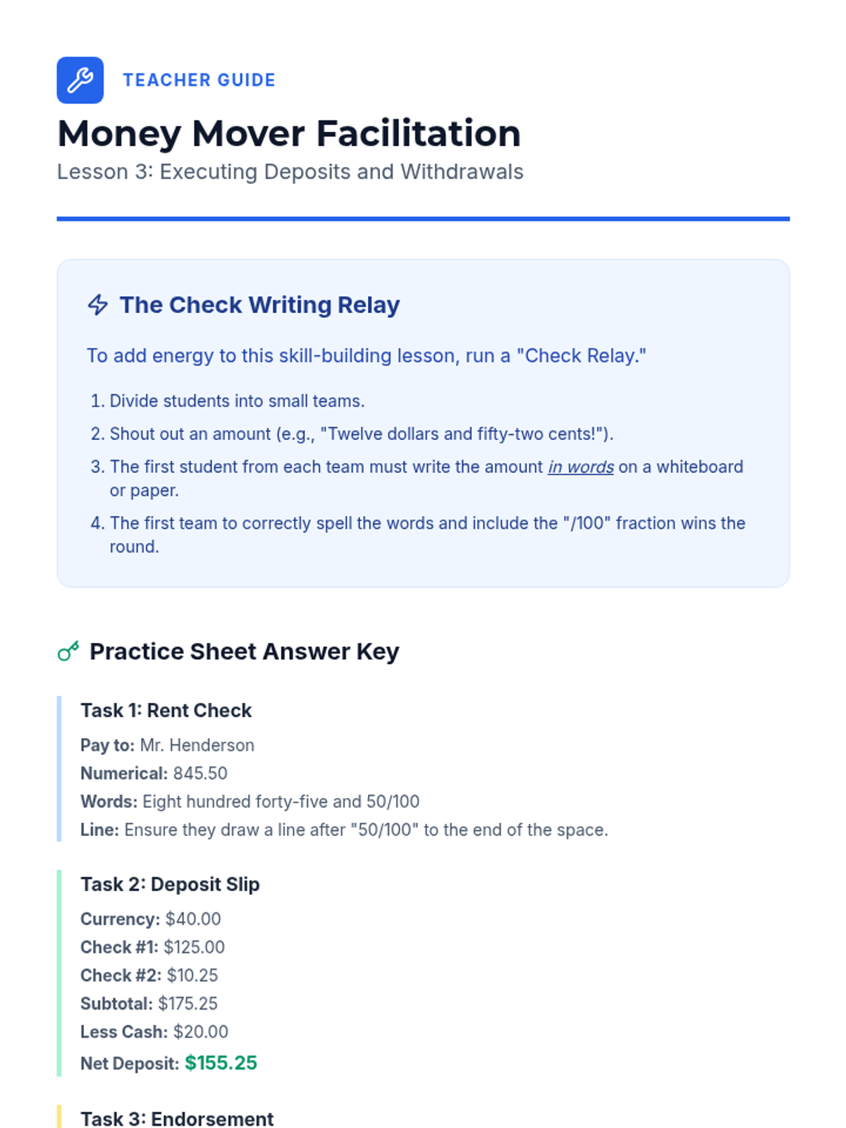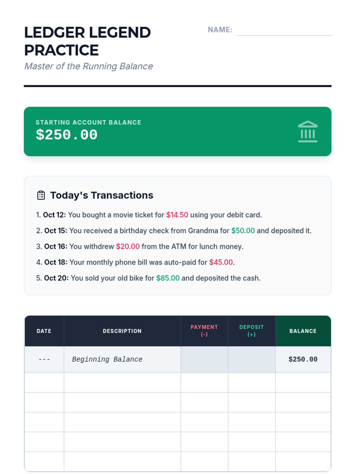 A comprehensive introduction to banking for 8th graders, covering account types, opening procedures, transaction mechanics, ledger maintenance, and statement analysis. Students gain practical financial literacy skills through simulations and hands-on practice.
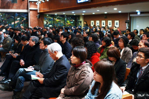 | ▲성도들이 대담을 듣고 있다. ⓒ문화원 제공 |
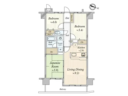 ・約5.9畳の和室はバルコニーに面していて、明るく風通しの良い快適な空間です
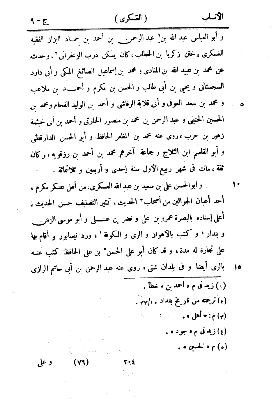 وأبو العباس عبد الله بن [1] عبد الرحمن بن أحمد بن حماد البزاز الفقيه العسكري، ختن زكريا بن الخطاب، كان يسكن درب الزعفرانيّ [2] ، وحدث عن محمد بن عبيد الله بن المنادي ومحمد بن إسماعيل الصائغ المكيّ وأبى داود السجستاني ويحيى بن أبى طالب والحسن بن مكرم وأحمد بن ملاعب ومحمد بن سعد العوفيّ وأبى قلابة الرقاشيّ وأحمد بن الوليد الفحام ومحمد بن الحسين الحنينى وعبد الرحمن بن محمد بن منصور الحارثي وأحمد بن أبى خيثمة زهير بن حرب، روى عنه محمد بن المظفر الحافظ وأبو الحسن الدار قطنى وأبو القاسم ابن الثلاج وجماعة آخرهم محمد بن أحمد بن رزقويه، وكان ثقة، مات في شهر ربيع الأول سنة إحدى وأربعين وثلاثمائة.
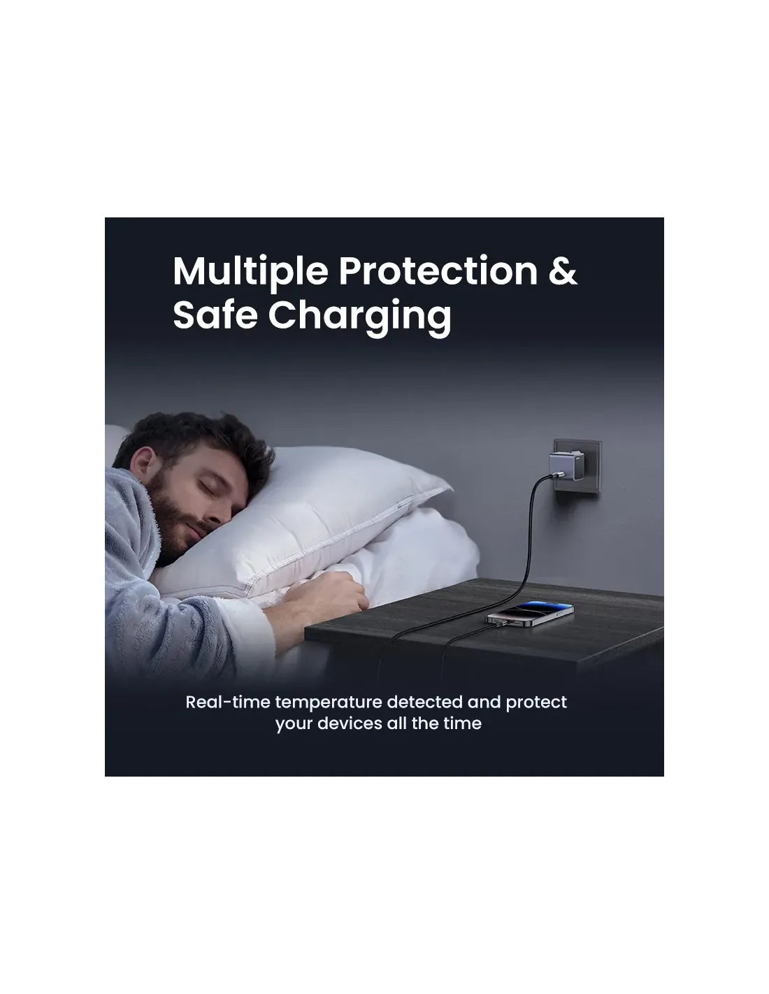 .Potente carga de 30 W: carga dispositivos hasta un 360 % más rápido con entrega de potencia de 30 W..Diseño compacto: más pequeño que los cargadores típicos de 30 W perfecto para viajes y uso en movimiento..Tecnología Thermal Guard: el monitoreo de temperatura en tiempo real evita el sobrecalentamiento..Amplia compatibilidad: admite múltiples protocolos de carga rápida, lo que lo hace versátil para varios dispositivos..Carga eficiente: utiliza tecnología GaNInfinity para un rendimiento de primer nivel en un formato compacto..Características especiales: Ligero, portátil y de carga rápida..Amplia compatibilidad: admite múltiples protocolos de carga rápida, compatible con las series iPhone 8-15, Galaxy S24/S23/S22, iPad Mini/Pro/Air y Google Pixel.
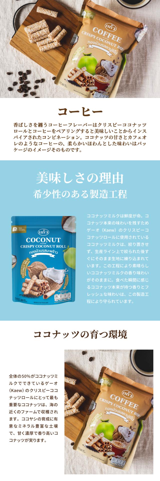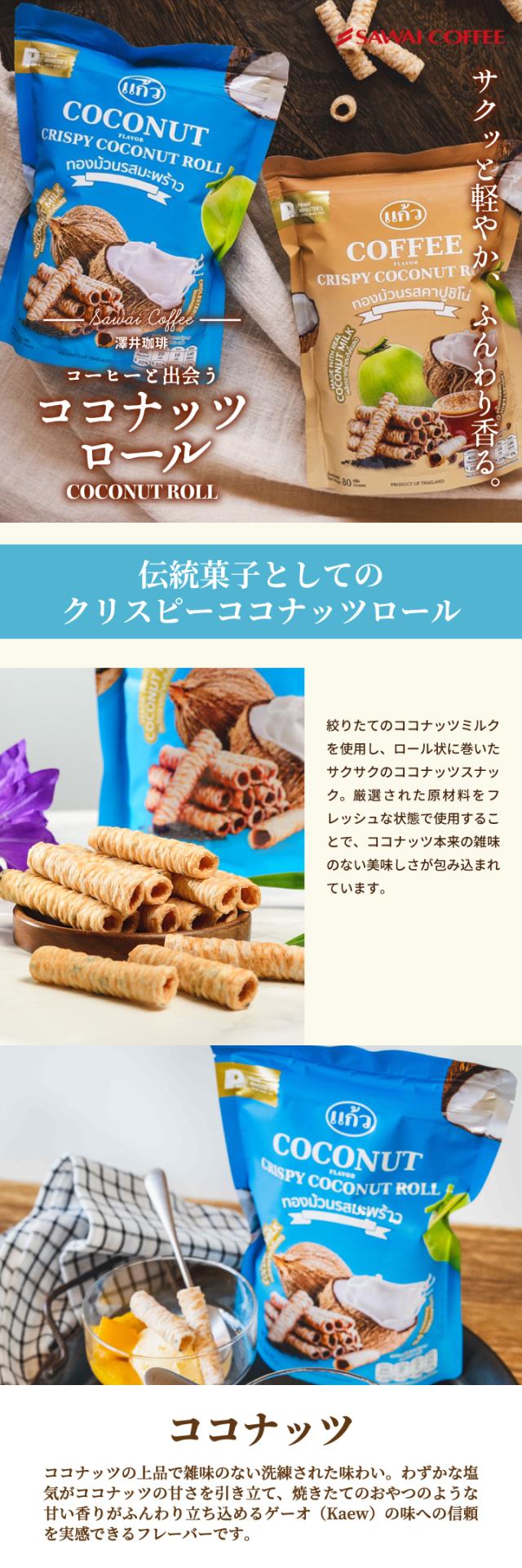 | 香ばしいココナッツミルクをたっぷり使い、サクッと軽やかな食感に焼き上げたタイの伝統菓子「クリスピーココナッツロール」。素材の自然な甘みと優しい香りがふんわり広がり、コーヒーにもぴったりのトロピカルスイーツです。 1.絞りたてココナッツミルクの贅沢な風味 このココナッツロールは、搾りたてのフレッシュなココナッツミルクを贅沢に使用。生産ラインで絞ったミルクをそのまま生地に練り込むことで、自然の香りと甘みを閉じ込めています。ココナッツ独特の雑味がなく、まろやかでクリーミーな味わいが特徴。ひと口食べると、南国の風を感じるような優しい香りが広がります。 2.サクッと軽やか、ふんわり香る新食感スナック ロール状に焼き上げた生地は、外はサクッ、中はふんわり。軽い食感と自然な甘みのバランスが絶妙で、ついもう一本と手が伸びる美味しさです。コーヒーや紅茶との相性も抜群で、リラックスタイムや来客時のお茶うけにもぴったり。お子様から大人まで楽しめるシンプルな美味しさが魅力です。 3.世界が認めた品質と安心の素材 国際味覚審査機構「Superior Taste Award 2023」で2ツ星を獲得し、タイ政府の「Prime Minister’s Export Award 2020」でも表彰された品質。砂糖にはココナッツシュガーを使用し、化学的な添加物は使わずに仕上げています。素材の味をいかした自然な甘さと香ばしさは、安心して毎日のおやつに楽しめる一品です。 | |
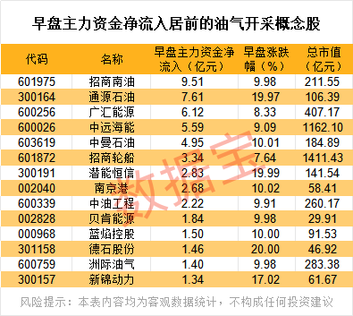 早盘,主力资金大幅流入油气开采板块,板块合计净流入资金超55亿元。其中,招商南油主力资金净流入9.51亿元,排名第一;通源石油净流入超7亿元,广汇能源净流入超6亿元,中远海能、中曼石油净流入超4亿元。
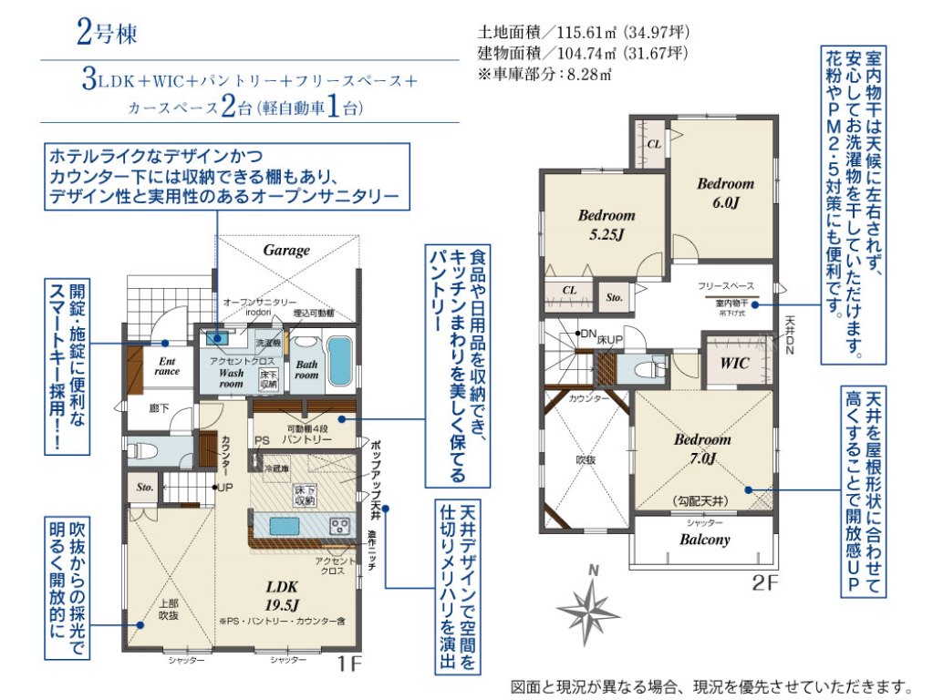 | 間取内容 | LDK 19.5畳 洋室 7畳 洋室 6畳 洋室 5.25畳 +WIC+パントリー+フリースペース | ||
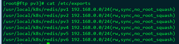 讯享网[root@ftp pv3]# cat /etc/exports /usr/local/k8s/redis/pv1 192.168.0.0/24(rw,sync,no_root_squash) /usr/local/k8s/redis/pv2 192.168.0.0/24(rw,sync,no_root_squash) /usr/local/k8s/redis/pv3 192.168.0.0/24(rw,sync,no_root_squash) /usr/local/k8s/redis/pv4 192.168.0.0/24(rw,sync,no_root_squash) /usr/local/k8s/redis/pv5 192.168.0.0/24(rw,sync,no_root_squash) /usr/local/k8s/redis/pv6 192.168.0.0/24(rw,sync,no_root_squash)
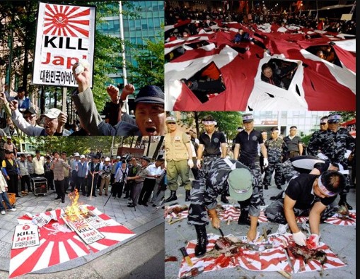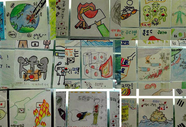 저의 학생시절에는 저런 그림을 그린적이 없습니다. "하지만 항상 일본놈은 나쁜놈이다"라고 교육을 받아왔습니다. 그리고 선생들은 쉽게, 쪽바리라는 단어를 사용합니다. 조선인은 전혀 자신이 혐일을 하고있고, 나쁜짓을 한다는것을 인식못합니다. 저런 그림이 있는것은, 이상한 일이아닙니다.>>98김영삼시대부터 식민사관을 개선하자고 극단적인 반일교육을 시작한것 같다.
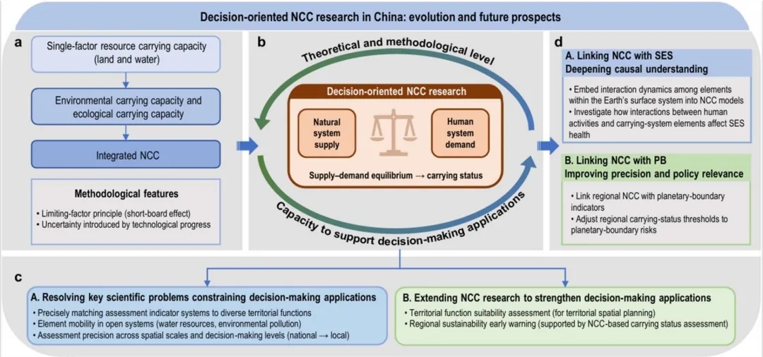论文系统回顾了中国决策导向型自然承载力研究的演进脉络,综述了我国在可持续发展领域,形成一条基于均衡模型的自然承载力研究路径,在灾后重建规划、主体功能区战略和国土空间规划、区域可持续性预警等决策领域得到广泛应用,推动了全球可持续性学术研究,提升了我国决策的科学化水平,在我国生态文明建设和国土空间格局优化中发挥了重要作用。
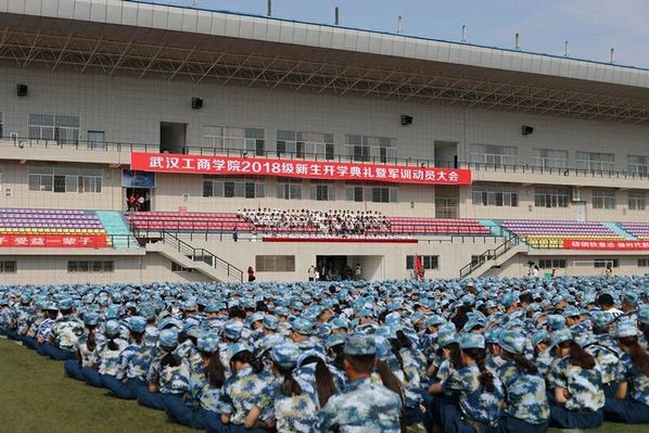 图为大一新生在听领导讲话
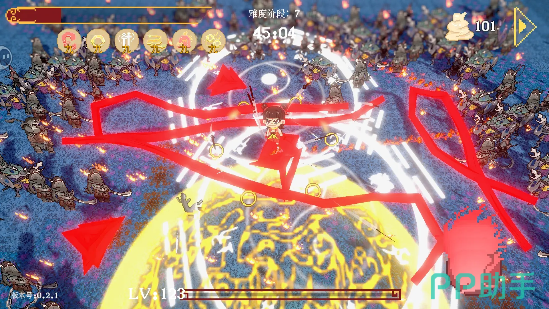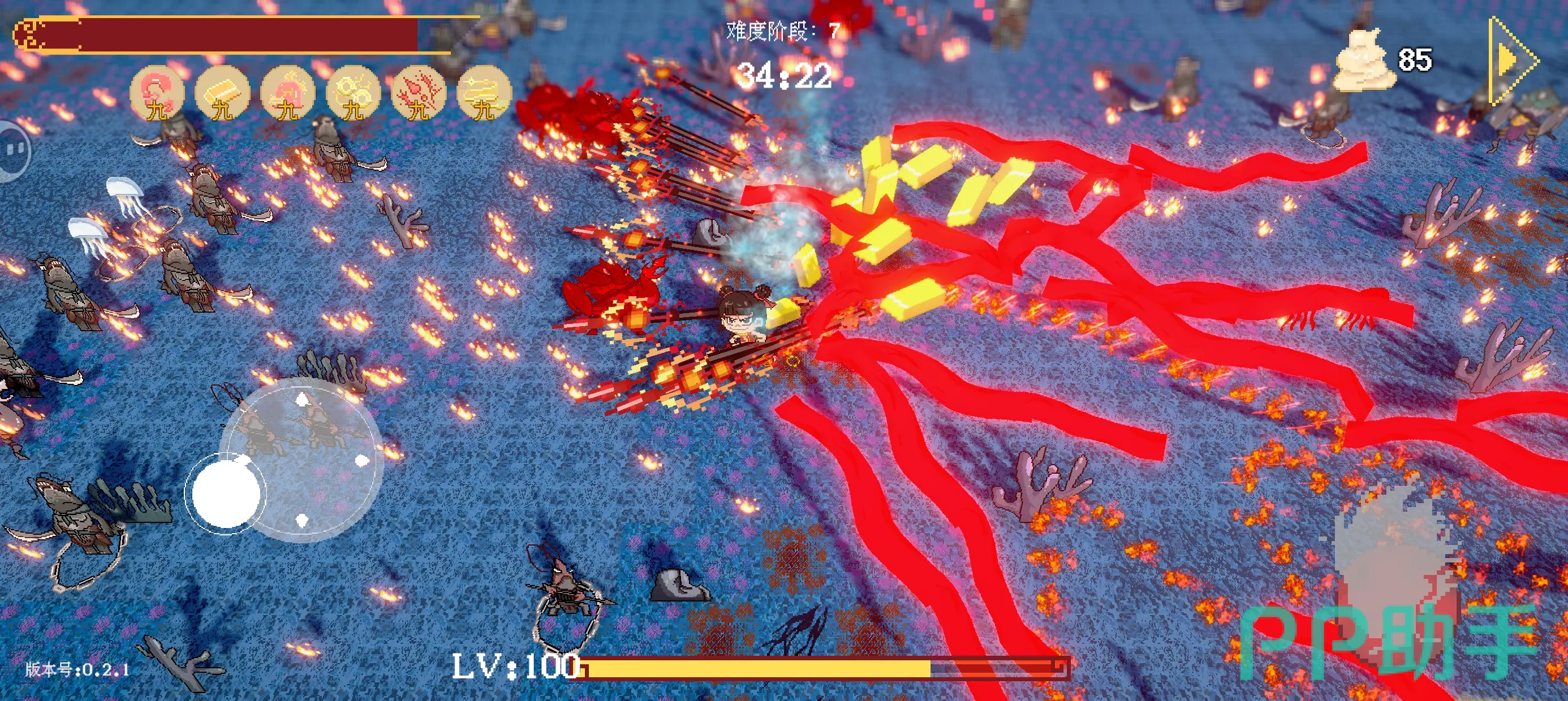 核心玩法围绕"割草-升级-进化"循环展开,玩家操控哪吒自动攻击敌人,通过击杀小怪积累经验升级,每次升级可从金砖、乾坤箭等随机法宝中选择强化。随着等级提升,哪吒将从少年形态进化为三头六臂的成年战神,解锁全屏AOE技能与变身机制。游戏独创"业火值"系统,连续攻击可触发魔童降世状态,大幅提升输出但持续掉血,需精准走位维持战斗节奏。玩家需灵活搭配火尖枪突刺、混天绫净化等技能,在随机生成的关卡中对抗机械夜叉、变异龙王等原创BOSS,揭开被篡改的神话真相。

┄┄┄┄┄┄┄┄┄┄┄┄┄┄┄┄┄┄┄┄

● **Exercise**: Without the pictures, write out the listing exactly as it appears above.

● **Response below**:
 A comprehensive introduction to banking for 8th graders, covering account types, opening procedures, transaction mechanics, ledger maintenance, and statement analysis. Students gain practical financial literacy skills through simulations and hands-on practice.
 | ▲성도들이 대담을 듣고 있다. ⓒ문화원 제공 |
 ・約5.9畳の和室はバルコニーに面していて、明るく風通しの良い快適な空間です
 وأبو العباس عبد الله بن [1] عبد الرحمن بن أحمد بن حماد البزاز الفقيه العسكري، ختن زكريا بن الخطاب، كان يسكن درب الزعفرانيّ [2] ، وحدث عن محمد بن عبيد الله بن المنادي ومحمد بن إسماعيل الصائغ المكيّ وأبى داود السجستاني ويحيى بن أبى طالب والحسن بن مكرم وأحمد بن ملاعب ومحمد بن سعد العوفيّ وأبى قلابة الرقاشيّ وأحمد بن الوليد الفحام ومحمد بن الحسين الحنينى وعبد الرحمن بن محمد بن منصور الحارثي وأحمد بن أبى خيثمة زهير بن حرب، روى عنه محمد بن المظفر الحافظ وأبو الحسن الدار قطنى وأبو القاسم ابن الثلاج وجماعة آخرهم محمد بن أحمد بن رزقويه، وكان ثقة، مات في شهر ربيع الأول سنة إحدى وأربعين وثلاثمائة.
 .Potente carga de 30 W: carga dispositivos hasta un 360 % más rápido con entrega de potencia de 30 W..Diseño compacto: más pequeño que los cargadores típicos de 30 W perfecto para viajes y uso en movimiento..Tecnología Thermal Guard: el monitoreo de temperatura en tiempo real evita el sobrecalentamiento..Amplia compatibilidad: admite múltiples protocolos de carga rápida, lo que lo hace versátil para varios dispositivos..Carga eficiente: utiliza tecnología GaNInfinity para un rendimiento de primer nivel en un formato compacto..Características especiales: Ligero, portátil y de carga rápida..Amplia compatibilidad: admite múltiples protocolos de carga rápida, compatible con las series iPhone 8-15, Galaxy S24/S23/S22, iPad Mini/Pro/Air y Google Pixel.
 | 香ばしいココナッツミルクをたっぷり使い、サクッと軽やかな食感に焼き上げたタイの伝統菓子「クリスピーココナッツロール」。素材の自然な甘みと優しい香りがふんわり広がり、コーヒーにもぴったりのトロピカルスイーツです。 1.絞りたてココナッツミルクの贅沢な風味 このココナッツロールは、搾りたてのフレッシュなココナッツミルクを贅沢に使用。生産ラインで絞ったミルクをそのまま生地に練り込むことで、自然の香りと甘みを閉じ込めています。ココナッツ独特の雑味がなく、まろやかでクリーミーな味わいが特徴。ひと口食べると、南国の風を感じるような優しい香りが広がります。 2.サクッと軽やか、ふんわり香る新食感スナック ロール状に焼き上げた生地は、外はサクッ、中はふんわり。軽い食感と自然な甘みのバランスが絶妙で、ついもう一本と手が伸びる美味しさです。コーヒーや紅茶との相性も抜群で、リラックスタイムや来客時のお茶うけにもぴったり。お子様から大人まで楽しめるシンプルな美味しさが魅力です。 3.世界が認めた品質と安心の素材 国際味覚審査機構「Superior Taste Award 2023」で2ツ星を獲得し、タイ政府の「Prime Minister’s Export Award 2020」でも表彰された品質。砂糖にはココナッツシュガーを使用し、化学的な添加物は使わずに仕上げています。素材の味をいかした自然な甘さと香ばしさは、安心して毎日のおやつに楽しめる一品です。 | |
 早盘,主力资金大幅流入油气开采板块,板块合计净流入资金超55亿元。其中,招商南油主力资金净流入9.51亿元,排名第一;通源石油净流入超7亿元,广汇能源净流入超6亿元,中远海能、中曼石油净流入超4亿元。
 | 間取内容 | LDK 19.5畳 洋室 7畳 洋室 6畳 洋室 5.25畳 +WIC+パントリー+フリースペース | ||
 讯享网[root@ftp pv3]# cat /etc/exports /usr/local/k8s/redis/pv1 192.168.0.0/24(rw,sync,no_root_squash) /usr/local/k8s/redis/pv2 192.168.0.0/24(rw,sync,no_root_squash) /usr/local/k8s/redis/pv3 192.168.0.0/24(rw,sync,no_root_squash) /usr/local/k8s/redis/pv4 192.168.0.0/24(rw,sync,no_root_squash) /usr/local/k8s/redis/pv5 192.168.0.0/24(rw,sync,no_root_squash) /usr/local/k8s/redis/pv6 192.168.0.0/24(rw,sync,no_root_squash)
 저의 학생시절에는 저런 그림을 그린적이 없습니다. "하지만 항상 일본놈은 나쁜놈이다"라고 교육을 받아왔습니다. 그리고 선생들은 쉽게, 쪽바리라는 단어를 사용합니다. 조선인은 전혀 자신이 혐일을 하고있고, 나쁜짓을 한다는것을 인식못합니다. 저런 그림이 있는것은, 이상한 일이아닙니다.>>98김영삼시대부터 식민사관을 개선하자고 극단적인 반일교육을 시작한것 같다.
论文系统回顾了中国决策导向型自然承载力研究的演进脉络,综述了我国在可持续发展领域,形成一条基于均衡模型的自然承载力研究路径,在灾后重建规划、主体功能区战略和国土空间规划、区域可持续性预警等决策领域得到广泛应用,推动了全球可持续性学术研究,提升了我国决策的科学化水平,在我国生态文明建设和国土空间格局优化中发挥了重要作用。
 图为大一新生在听领导讲话
 核心玩法围绕"割草-升级-进化"循环展开,玩家操控哪吒自动攻击敌人,通过击杀小怪积累经验升级,每次升级可从金砖、乾坤箭等随机法宝中选择强化。随着等级提升,哪吒将从少年形态进化为三头六臂的成年战神,解锁全屏AOE技能与变身机制。游戏独创"业火值"系统,连续攻击可触发魔童降世状态,大幅提升输出但持续掉血,需精准走位维持战斗节奏。玩家需灵活搭配火尖枪突刺、混天绫净化等技能,在随机生成的关卡中对抗机械夜叉、变异龙王等原创BOSS,揭开被篡改的神话真相。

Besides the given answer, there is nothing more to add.